WHAT NEEDS TO BE DONE –
Please output, exactly and without pictures, the lines from the opening of the listing below through the line containing "为聚焦长三角船舶海工产业协同", both included.

COLLECTED MATERIAL –
- - - - -

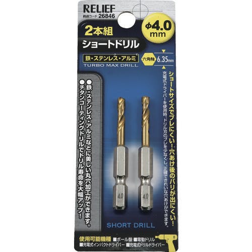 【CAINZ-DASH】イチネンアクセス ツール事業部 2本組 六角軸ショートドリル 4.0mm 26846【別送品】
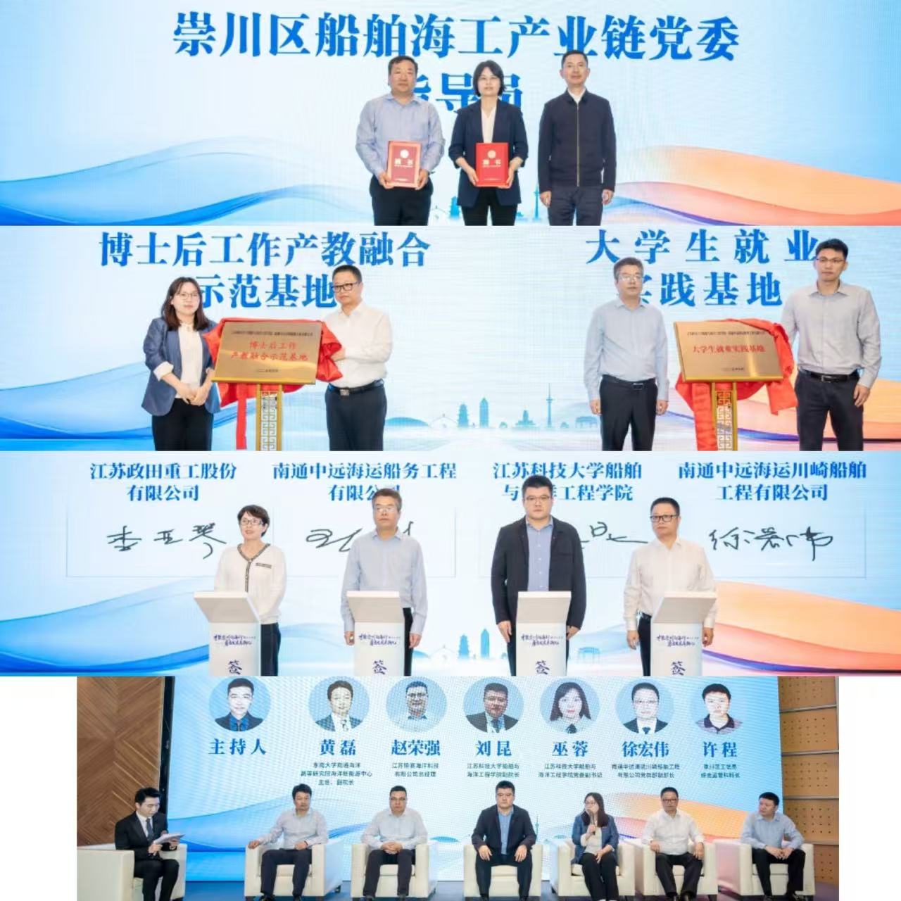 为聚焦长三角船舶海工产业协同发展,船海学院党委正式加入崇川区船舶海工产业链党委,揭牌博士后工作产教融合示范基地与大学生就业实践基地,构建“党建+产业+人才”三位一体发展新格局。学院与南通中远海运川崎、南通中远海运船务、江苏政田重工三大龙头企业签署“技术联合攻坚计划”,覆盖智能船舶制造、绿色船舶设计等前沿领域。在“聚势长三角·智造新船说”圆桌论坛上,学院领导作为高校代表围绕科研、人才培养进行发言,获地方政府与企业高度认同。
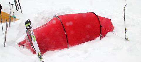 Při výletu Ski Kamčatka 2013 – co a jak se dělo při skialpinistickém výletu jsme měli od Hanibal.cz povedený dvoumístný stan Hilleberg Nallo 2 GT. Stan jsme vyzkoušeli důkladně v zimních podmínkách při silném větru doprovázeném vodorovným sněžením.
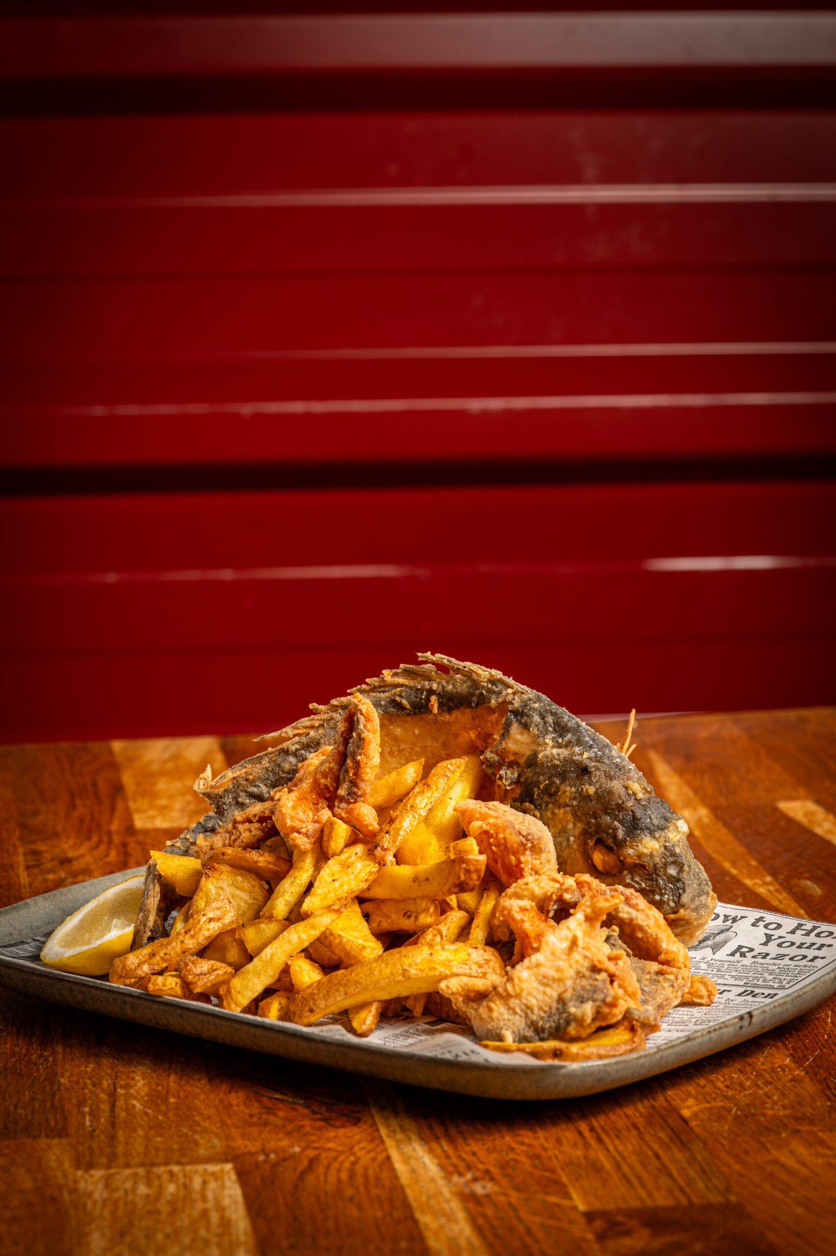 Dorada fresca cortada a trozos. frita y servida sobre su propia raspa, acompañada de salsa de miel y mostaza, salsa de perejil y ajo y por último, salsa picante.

- - - - -

PROBLEM SOLUTION –
 【CAINZ-DASH】イチネンアクセス ツール事業部 2本組 六角軸ショートドリル 4.0mm 26846【別送品】
 为聚焦长三角船舶海工产业协同发展,船海学院党委正式加入崇川区船舶海工产业链党委,揭牌博士后工作产教融合示范基地与大学生就业实践基地,构建“党建+产业+人才”三位一体发展新格局。学院与南通中远海运川崎、南通中远海运船务、江苏政田重工三大龙头企业签署“技术联合攻坚计划”,覆盖智能船舶制造、绿色船舶设计等前沿领域。在“聚势长三角·智造新船说”圆桌论坛上,学院领导作为高校代表围绕科研、人才培养进行发言,获地方政府与企业高度认同。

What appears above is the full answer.